The ranking of genetic groups for pulp yield was not consistent with the findings of Stackpole et al. (2010), the largest study of the genetics of this trait in E. globulus, in which pulp yield of all mainland Australian subraces was lower than the pulp yield of the Bass Strait Islands and Tasmanian subraces, with the exception of the three subraces from northeastern Tasmania. In the present study, the Strezlecki genetic group from the mainland had the lowest pulp yield and cellulose content, and King Island (a Bass Strait island) ranked second highest. However, the Otways genetic group, from the mainland, had the highest pulp yield, and Tasmania ranked the second lowest. The low pulp yield of the Tasmanian genetic group was possibly explained by the inclusion of a number of northeastern Tasmanian families (Table 1). Furthermore, studies other than Stackpole et al. (2010) found the western Otways subrace (the subrace with the greatest contribution to our Otways genetic group; Table 1) to rank highly for pulp yield (Apiolaza et al. 2005; Raymond et al. 2001a). Cape Patton and Eastern Otways were also represented in the Otways genetic group, but there are no published pulp yield estimates for these subraces beyond the Stackpole et al. (2010) study. The stability of the ranking of subraces across sites for this key pulpwood trait requires further investigation.
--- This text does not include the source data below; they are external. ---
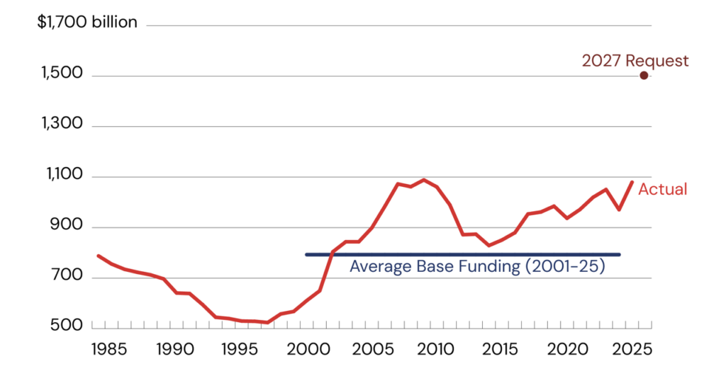 The longer-term plan released by the administration with the 2027 budget request projects Pentagon funding falling back to $1.3 trillion in 2028, with no additional mandatory spending projected. But history strongly suggests that, once spending levels for defense (or most other areas, for that matter) are increased and plans expanded, administrations do not suddenly propose reductions. And certainly the pattern that the Trump administration, in particular, has shown for these past two fiscal years — including a $150 billion defense increase for 2026, a proposed $450 billion defense increase in 2027, and a $200 billion supplemental wartime request — may be taken to suggest that this administration is, if anything, more likely to further increase defense spending beyond $1.5 trillion rather than to preside over some future reduction in spending.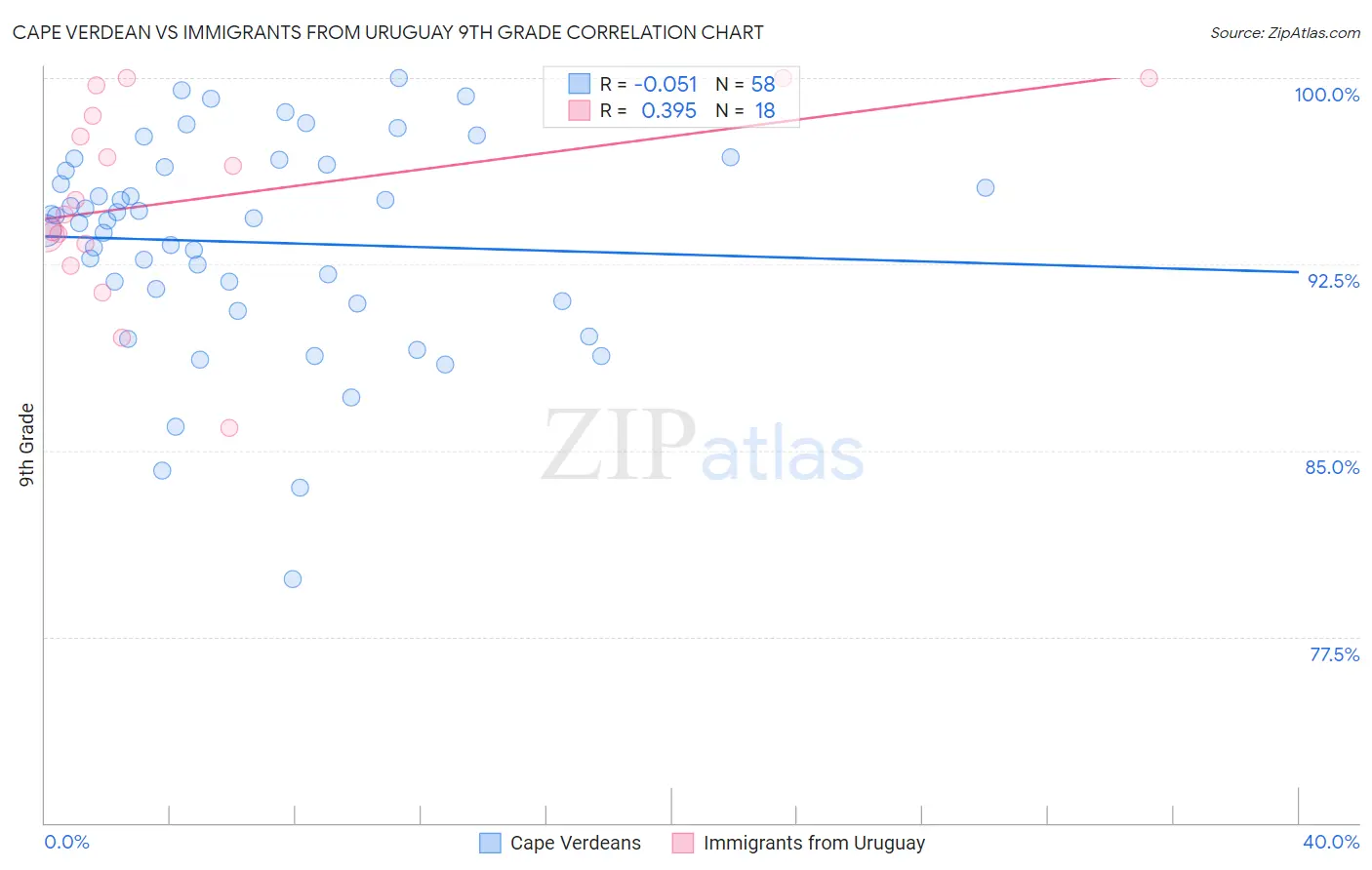 Cape Verdean vs Immigrants from Uruguay 9th Grade Correlation Chart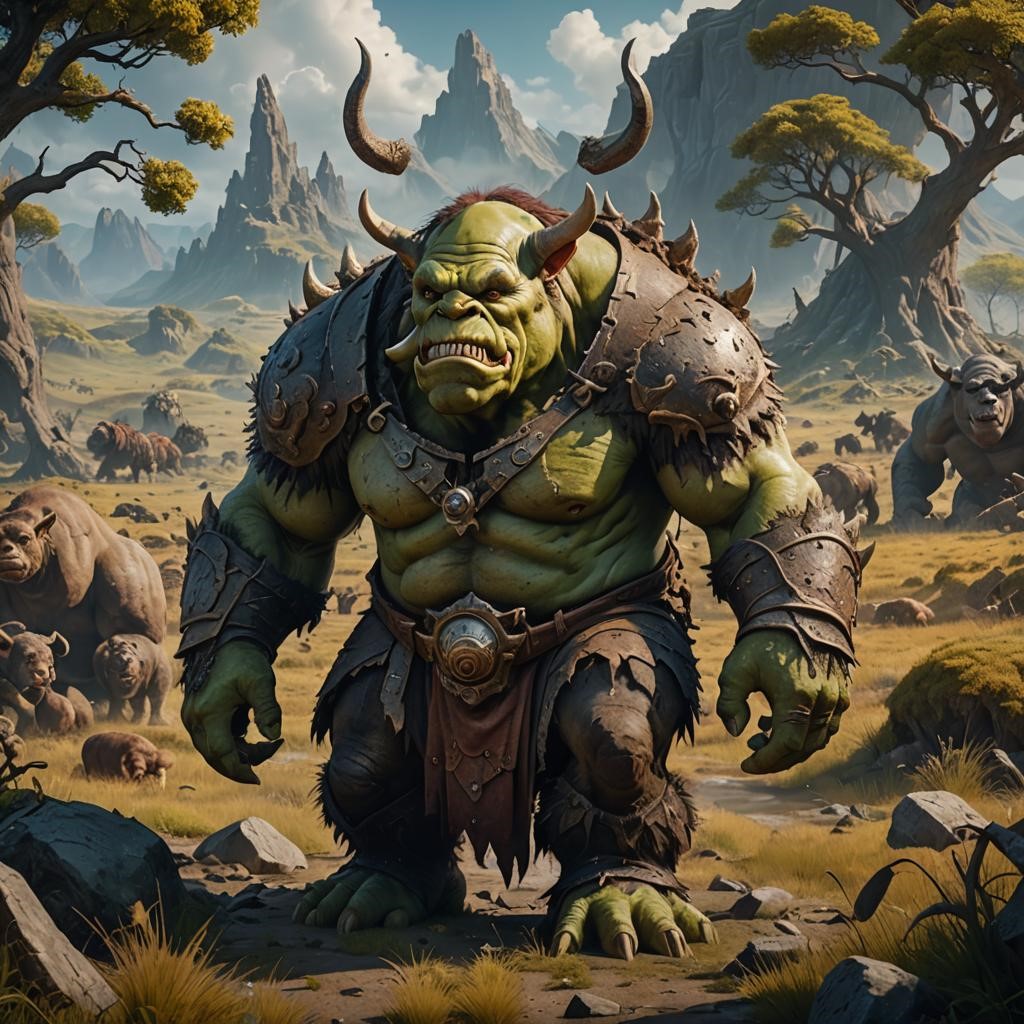 A formidable orc warrior, depicted as a massive, green-skinned figure with a muscular build. The orc is clad in rugged, spiked armor and has large, intimidating horns protruding from its head. The scene is set in a vast, rugged landscape with rocky terrain and scattered trees, suggesting a wild and untamed environment. In the background, other orc-like creatures and animals can be seen, adding to the sense of danger and power that the central figure exudes.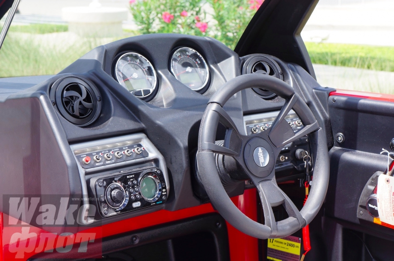 Панель приборов сделана из дешевого пластика, таким же пластиком отделан правый борт возле водительского кресла. Архаичный механизм управления дросселем производства Attwood

It is possible that NIR predicted pulp yield and cellulose content in the current study were upwardly biased, as samples were extracted from the outer wood and both pulp yield and cellulose content increase from pith to cambium (Downes et al. 2012). Average NIR-predicted kraft pulp yield (54.7% for Strzelecki to 57.3% for Otways) was greater than those reported in other genetic studies (e.g. 51.6% from Apiolaza et al. 2005; 52.2%, pooled estimate, from Costa e Silva et al. 2009; 54.1% from Dean et al. 1990; 51.9, 52.2 and 51.9% from Raymond et al. 2001b; and 53.1% from Stackpole et al. 2010). The same was true for cellulose content (42.2% from Apiolaza et al. 2005; 46% from Cotterill and Brolin 1997; and 42.9, 42.1, and 40.4% from Raymond and Schimleck 2002).

5 Conclusion

We found that AWV is significantly genetically positively correlated with predicted pulp yield in E. globulus, consistent with the previous studies in E. nitens. Standing-tree AWV is used as an indirect measure of modulus of elasticity, a key trait for structural veneer and sawn timber. Selection on the basis of AWV is thus expected to provide genetic gains in wood properties favourable to both pulpwood and solidwood breeding objectives. However, prior to widespread adoption of AWV as a selection criterion in breeding programs, genetic correlations require verification across the species, breeding populations, environments, ages and methods of measurement.